Федор Андреевич Богаевский стал по четвергам посещать сумасшедший дом. Ему выделили маленькую комнату в конце длинного коридора. В комнате стояли стол, стул, вентилятор.
Сумасшедшие – смирные, стриженые, в серых халатах – выслушали его речь на встрече, устроенной администрацией. Жалоб никто не высказал. На вопросы: “Обижают? Плохо кормят? Отнимают деньги?” – дружно, улыбчиво отрицательно качали головами: “Нет, нет, нет”. Федор Андреевич прошел по трем этажам дома и ничего подозрительного не заметил.
После первой ознакомительной прогулки по сумасшедшему дому он вернулся к себе в кабинет.
Дел никаких не было. Но сидеть до шести часов и ждать посетителей он был обязан.

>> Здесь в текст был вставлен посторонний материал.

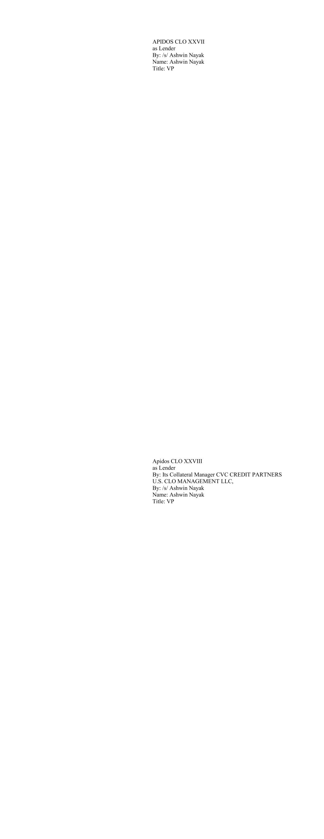 APIDOS CLO XXVII as Lender By: /s/ Ashwin Nayak Name: Ashwin Nayak Title: VP Apidos CLO XXVIII as Lender By: Its Collateral Manager CVC CREDIT PARTNERS U.S. CLO MANAGEMENT LLC, By: /s/ Ashwin Nayak Name: Ashwin Nayak Title: VP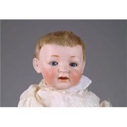 17” JDK 211 BABY. An alluring baby with blue glass sleep eyes, original skin wig and is on a five-piece Kestner baby body and is wearing original clothing. CONDITION: Skin wig has not been removed from head but head has been inspected and it appears to be free of damage. Minor wear to finger tips on baby’s right hand. JL 1-2538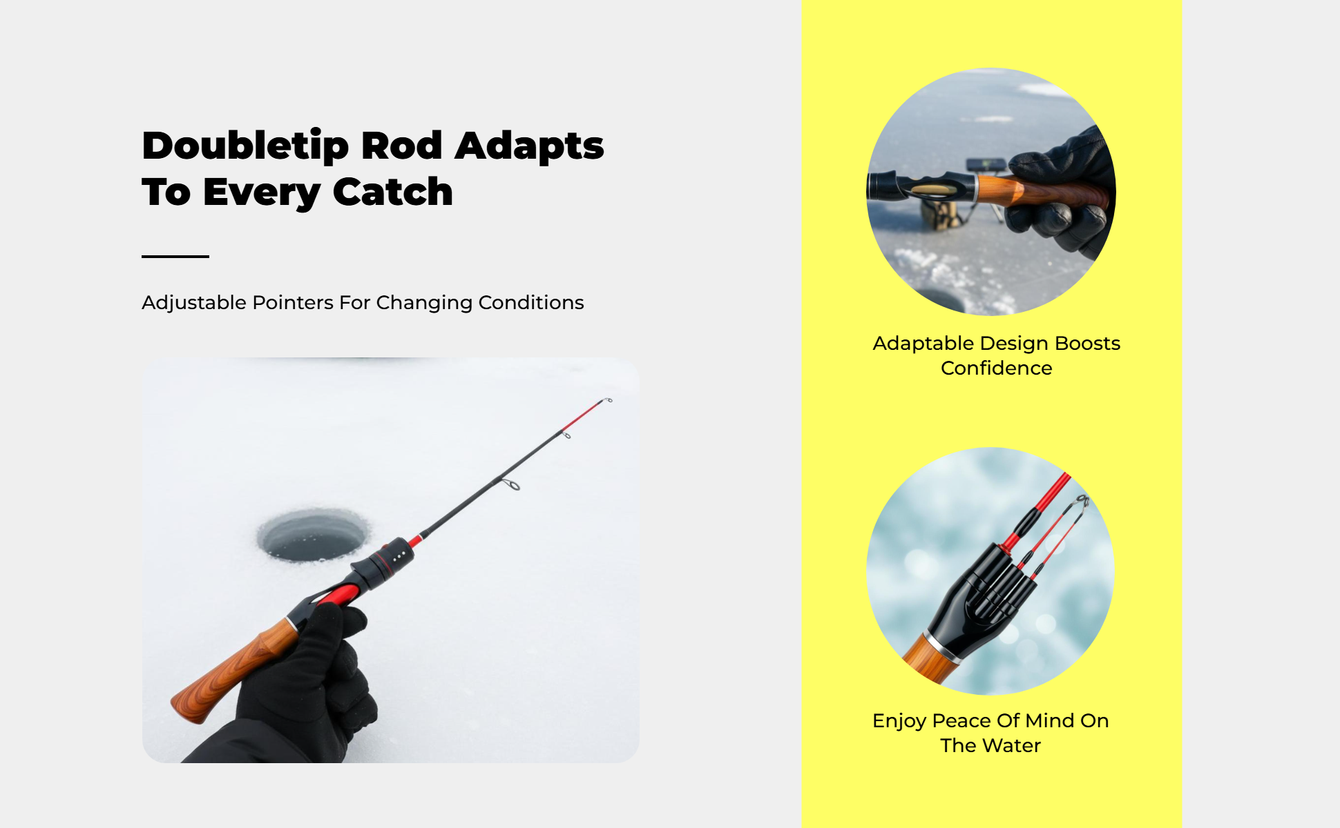 【Canne à pêche sur glace adaptée à l'hiver】Cette canne dispose d'une double pointe et est fabriquée en fibre de verre robuste, idéale pour la pêche hivernale en lacs, rivières et étangs. Son design léger et portable facilite le transport et l'installation pour les amateurs d'activités extérieures. 【Double pointe & haute sensibilité】Dotée d'une double pointe pour une sensibilité accrue, cette canne permet de détecter les touches discrètes et d'améliorer les prises lors de la pêche sur glace. Sa construction solide supporte les prises lourdes sans perdre en souplesse. 【Design portable et compact】Avec une longueur repliée de seulement 30cm, cette canne se transporte et se range facilement, s'adaptant aux sacs à dos ou sacs de matériel. Idéale pour les sorties de pêche spontanées ou en voyage. 【Matériau en fibre de verre robuste】Fabriquée en fibre de verre de qualité, cette canne offre solidité et résistance pour une longue durée d'utilisation en conditions hivernales. La poignée ergonomique assure une prise confortable pour une utilisation prolongée. 【Adaptée à divers environnements de pêche】Parfaite pour les réservoirs, étangs, ruisseaux, rivières et lacs, cette canne à pêche sur glace s'adapte à de nombreux scénarios, convenant aux débutants comme aux pêcheurs expérimentés.

Из журнала “Огонек” Федор вырезал ножницами портрет товарища Сталина с пионеркой Мамлакат, кнопкой прикрепил к стене.
В дверь постучали.
Появился мужчина лет тридцати пяти с письмом в руках. Серая пижама, бритая голова и особое выражение глаз значили: “Я сумасшедший”. Человек бросил конверт на стол и, резко повернувшись, выбежал из комнаты.
Богаевский прочел: “Федору-тигру”. Надорвал конверт, достал письмо. Обращение “Федору-тигру” развеселило его.
Но первые строки письма заставили окунуться в страницы, исписанные мелким, аккуратным почерком.
“…Зачем ты преследуешь меня, Федор-тигр?! Я прекрасно знаю, что ты никакой не юрисконсульт. Ты зверь, который задался целью загрызть меня!..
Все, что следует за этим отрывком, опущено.